One can show the above for \(N_1, N_\infty\) instead making the appropriate replacements for \(f\text{.}\)

Adding the three terms together we get

\begin{equation*} \log N_0(f(P))N_1(f(P)) N_\infty(f(P)) \end{equation*}
\begin{equation*} \lt \left(\left(1- \frac{b_f(0)}{d}\right) +\left(1- \frac{b_f(1)}{d}\right)+\left(1- \frac{b_f(\infty)}{d}\right)\right) \log H(f(P)) + O(\cdots) \end{equation*}
\begin{equation*} \log N(f(P)) \lt \frac 1d \left(\# f\inv(0)+\# f\inv(1)+\# f\inv(\infty) \right) \log H(f(P)) + O(\cdots) \end{equation*}
\begin{equation*} \lt \frac md \log H(f(P))+ O(\cdots) \end{equation*}

where

\begin{equation*} m = \#\{P \in C(\overline \QQ) : f(P) \in \{0,1,\infty\}\} \end{equation*}

exponentiating we get

\begin{equation*} N(f(P)) \lt H(f(P))^{m/d} K\text{.} \end{equation*}

Let \(C\) be a given curve of genus \(g \ge 2\) Belyi's theorem gives a function

\begin{equation*} f\colon C \to \PP^1 \end{equation*}

ramified over \(\{0,1,\infty\}\text{.}\) By Riemann-Hurwitz \(m = d + 2 - 2g\text{,}\) \(d = \deg (f)\) \(m\) as above. Thus \(m \lt d\text{,}\) thus we can pick \(0 \lt \epsilon \lt 1 - \frac md\) and so for sufficiently large \(H(f(P))\) (i.e. all but finitely many) we have a counterexample to ABC.

Remark 2.9.11. Closing remarks.

Belyi's theorem gives an algorithm for determining \(f \colon C \to \PP^1\) i.e. it is effective.

One can also show ABC implies Siegel's theorem.
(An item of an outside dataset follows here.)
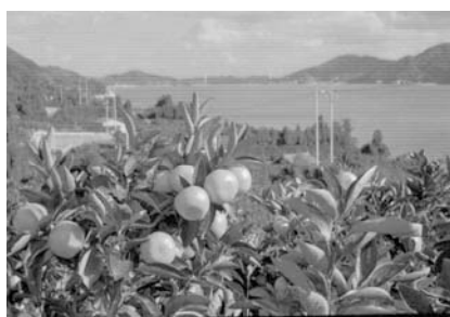
西宇和の温州みかん

この事業に本県からは、「愛媛西宇和の温州みかん」（愛媛県）、「 さいじょうおうしもりじ 西条王至森寺の きんもくせい 金木屋」（西条市）、「内子町の町並と和ろうそく」（内子町）の3件が認定された。

In fact it can be shown that a particular effective form of Mordell (applied to \(y^2 + y = x^5\)) for all number fields implies ABC. This is related to Szpiro's conjecture.

References:

  1. Elkies - ABC implies Mordell
  2. Serre - Lectures on Mordell-Weil